Com o coração embaralhando várias batidas e sentindo as pernas se
recusarem a segurar o resto do corpo, virei-me. O rosto gêmeo do
outro lado me olhava. Me olhava, sim! Em lugar do amarelo metálico
das córneas, duas íris, azuis como águas marinhas me fitavam,
curiosas.
«Desculpe, não queremos assustá-lo. Mas é que também nós
estamos assustadas. É a primeira vez que alguém nos surpreende…»
Tentei falar alguma coisa, mas nada saía. Fiquei ali, tartamudeando a
procura da minha voz, abrindo e fechando a boca como um boneco
articulado cujo ventríloquo ficou mudo. A cabeça continuou:
«Por favor, não tenha medo. Precisamos todos acalmarmo-nos…» E
respirou fundo.
«C´est le garçon qui fait le guide…», a outra figura falou.

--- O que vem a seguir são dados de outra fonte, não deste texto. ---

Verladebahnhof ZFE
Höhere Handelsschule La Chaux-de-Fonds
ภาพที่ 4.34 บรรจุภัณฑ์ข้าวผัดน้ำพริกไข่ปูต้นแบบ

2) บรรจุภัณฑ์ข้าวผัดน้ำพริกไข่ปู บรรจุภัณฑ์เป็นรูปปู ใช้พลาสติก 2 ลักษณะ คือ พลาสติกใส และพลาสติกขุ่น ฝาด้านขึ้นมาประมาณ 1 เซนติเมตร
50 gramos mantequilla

A que me olhava girou o rosto na direção dela:
«Chloris!...», e virando-se para mim: «Perdoe minha irmã. Está há
quase cem anos no Brasil e ainda tem esta mania de falar francês…»

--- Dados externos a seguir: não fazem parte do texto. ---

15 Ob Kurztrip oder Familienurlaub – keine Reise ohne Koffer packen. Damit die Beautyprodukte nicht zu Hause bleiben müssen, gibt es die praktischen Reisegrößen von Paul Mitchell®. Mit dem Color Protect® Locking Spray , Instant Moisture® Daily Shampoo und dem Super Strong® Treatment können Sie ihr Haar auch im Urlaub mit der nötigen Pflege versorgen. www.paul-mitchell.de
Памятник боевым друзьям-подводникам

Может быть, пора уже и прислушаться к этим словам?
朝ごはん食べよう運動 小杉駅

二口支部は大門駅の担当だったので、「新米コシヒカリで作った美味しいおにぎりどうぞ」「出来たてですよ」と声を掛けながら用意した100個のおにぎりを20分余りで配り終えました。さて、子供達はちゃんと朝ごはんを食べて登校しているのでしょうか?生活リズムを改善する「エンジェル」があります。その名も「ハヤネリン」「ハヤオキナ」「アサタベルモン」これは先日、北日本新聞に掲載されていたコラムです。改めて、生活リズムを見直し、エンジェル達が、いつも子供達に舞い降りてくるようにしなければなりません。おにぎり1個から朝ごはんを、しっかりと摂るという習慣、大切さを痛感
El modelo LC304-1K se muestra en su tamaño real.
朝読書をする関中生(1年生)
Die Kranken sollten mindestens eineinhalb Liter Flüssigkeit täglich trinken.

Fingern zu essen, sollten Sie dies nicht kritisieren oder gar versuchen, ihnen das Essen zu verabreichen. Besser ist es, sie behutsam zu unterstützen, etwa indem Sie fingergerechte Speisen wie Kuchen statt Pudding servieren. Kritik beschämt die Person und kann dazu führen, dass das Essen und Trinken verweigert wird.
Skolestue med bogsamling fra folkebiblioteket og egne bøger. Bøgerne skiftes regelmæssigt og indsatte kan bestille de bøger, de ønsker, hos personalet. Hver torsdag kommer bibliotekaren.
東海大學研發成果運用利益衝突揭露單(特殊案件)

E acrescentou, inclinando o pescoço para me ver melhor: «É
verdade… você é o rapaz que dá aulas sobre o teatro aqui na
entrada. Gostamos muito de ouvi-lo…»
Finalmente, minha voz voltava:
«C-como é possível?...», balbuciei.
A cabeça voltou a suspirar:
«Bem… é uma longa história. Mas, se você tem tempo… Sente-se…»
Obedeci, agradecido por poder dispensar minhas pernas da arriscada
missão de me manterem em precário equilíbrio, e me acomodei no
terceiro degrau da escada, bem no meio, de modo a poder ver bem
os dois rostos que agora se voltavam para mim com nítido interesse.
A cabeça do lado esquerdo, a que primeiro examinara e que agora
sabia atender pelo nome de Chloris, também tinha adquirido “olhos”,
verdes como esmeraldas. O meu medo começava a ser substituído
por uma imensa curiosidade; um suave bem-estar me invadiu, como
nos momentos que antecedem a ouverture de uma ópera. A “irmã”
de Chloris prosseguiu:
23
«Em primeiro lugar, permita que me apresente: meu nome é Flidais,
que é o nome de uma ninfa dos bosques. Minha irmã é Chloris, ninfa
das flores. Nomes ultrapassados, sem dúvida; no início do século,
entretanto, eram grande moda em Paris. Por isso, talvez, os tenham
escolhido para nos batizar. “Nascemos”, por assim dizer, há exatos
cem anos.»
A voz de Flidais era extremamente agradável, um contralto
modulado, elegante. Sua boca movia-se naturalmente, dando a
perceber dentes brancos como marfins por entre o bronze dos lábios.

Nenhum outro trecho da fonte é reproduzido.